§ **GIVEN MATERIAL**:
::::
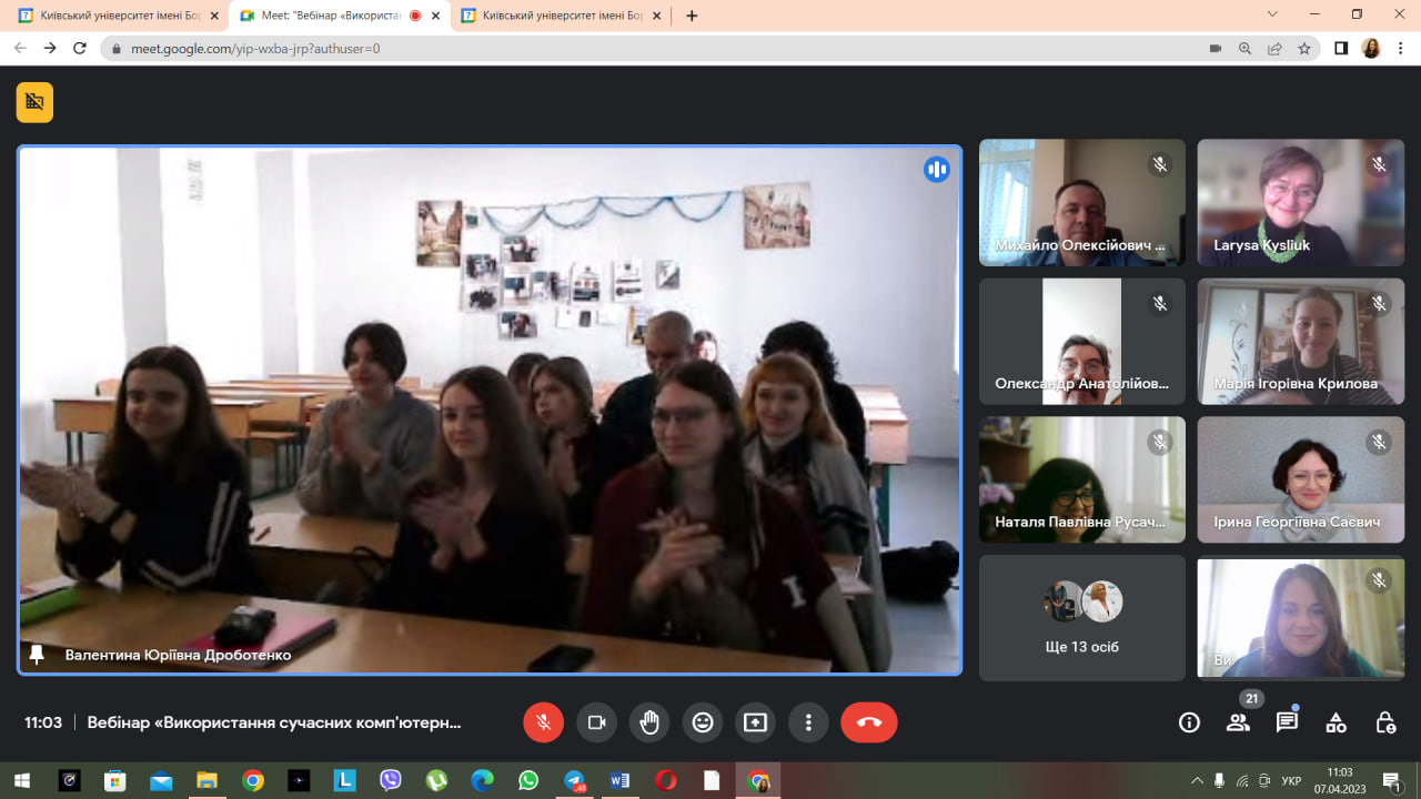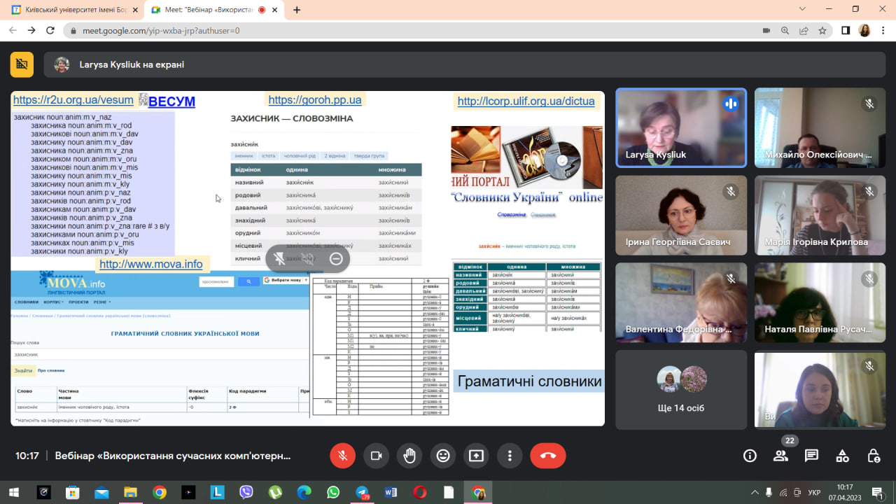 вебінар «Використання сучасних комп’ютерних технологій у вивченні української мови» (Л. Кислюк, доктор філологічних наук, старший науковий співробітник відділу лексикології, лексикографії та структурно-математичної лінгвістики Інституту української мови НАН України, М. Вінтонів, доктор філологічних наук, професор, завідувач кафедри української мови);
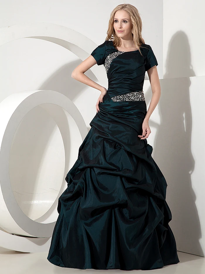 169 99 Long Modest Green A Line Capped Sleeves Zipper Beading
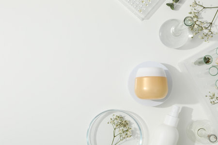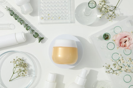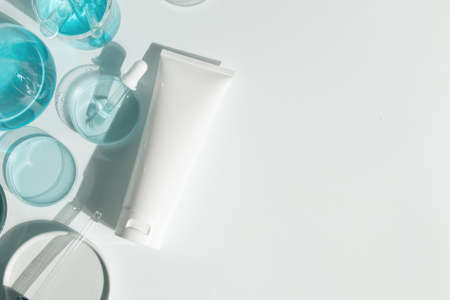 Concept of cosmetic research and organic skin care products, top view
::::
§ **PROBLEM DETAILS**: Every line from the one that holds "169 99 Long" to the end of the listing should be output exactly, with pictures left out, please.

§ **WRITTEN ANSWER**:
 169 99 Long Modest Green A Line Capped Sleeves Zipper Beading
 Concept of cosmetic research and organic skin care products, top view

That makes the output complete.